If the new changes are about configuration changes within the software or in the target infrastructure, the resilience tests can bring new knowledge about potential weaknesses. This is another scenario where the resilience tests that passed earlier will start failing because the target environment changed through a higher or lower configuration.
Developers create chaos experiments in the chaos project. The chaos experiments are then pulled into the pipeline as steps. Each run of a chaos step results in either meeting the expected resilience score or failing to meet it, at which point the configured failure strategy of the pipeline stage can be invoked.

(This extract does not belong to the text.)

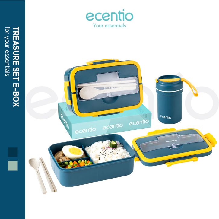 ecentio lunch box set Jerami Gandum lunch box tempat makan anak kotak Bekal makan & Mangkuk sup 300ml /free Sendok/1L

Create a chaos experiment and run it to make sure it runs to completion. The relevant probes are added to avoid a false positive or false negative scenario around the resilience score.
Add this chaos experiment to the pipeline as a chaos step.
Choose a failure strategy. The failure strategy is planned at the CD stage level. It can be configured against each chaos experiment or through a shell script step at the end of the execution of all chaos experiments.
Example 1: Configuring failure strategy when only one chaos experiment is in the pipeline.
Example 2: When multiple chaos experiments are added to the pipeline.
In this case, you add the expected resilience scores for each chaos step but don’t configure the failure strategy for each experiment. Instead, a separate conditional failure step (shell script-based step) is added after all the chaos steps are executed.
The shell script can access the step results (resilience scores) of all the chaos experiments, and custom logic can be written based on your situation. The non-zero return value of this conditional failure step can kick off the failure strategy of the stage.
Introducing chaos experiments into the pipelines brings in significant benefits to the reliability of the business critical services, improves developer productivity and mitigates the risk of not handling the unknowns to a large extent. Use Harness CD and Harness CE together to seamlessly introduce resilience tests into the deployment stages of your pipelines.
Harness Chaos Engineering is built with the above building blocks needed to roll out the Continuous ResilienceTM approach of chaos engineering. It comes with many out-of-the-box faults, security governance, chaos hubs, the ability to integrate with CD pipelines and Feature Flags, and many more.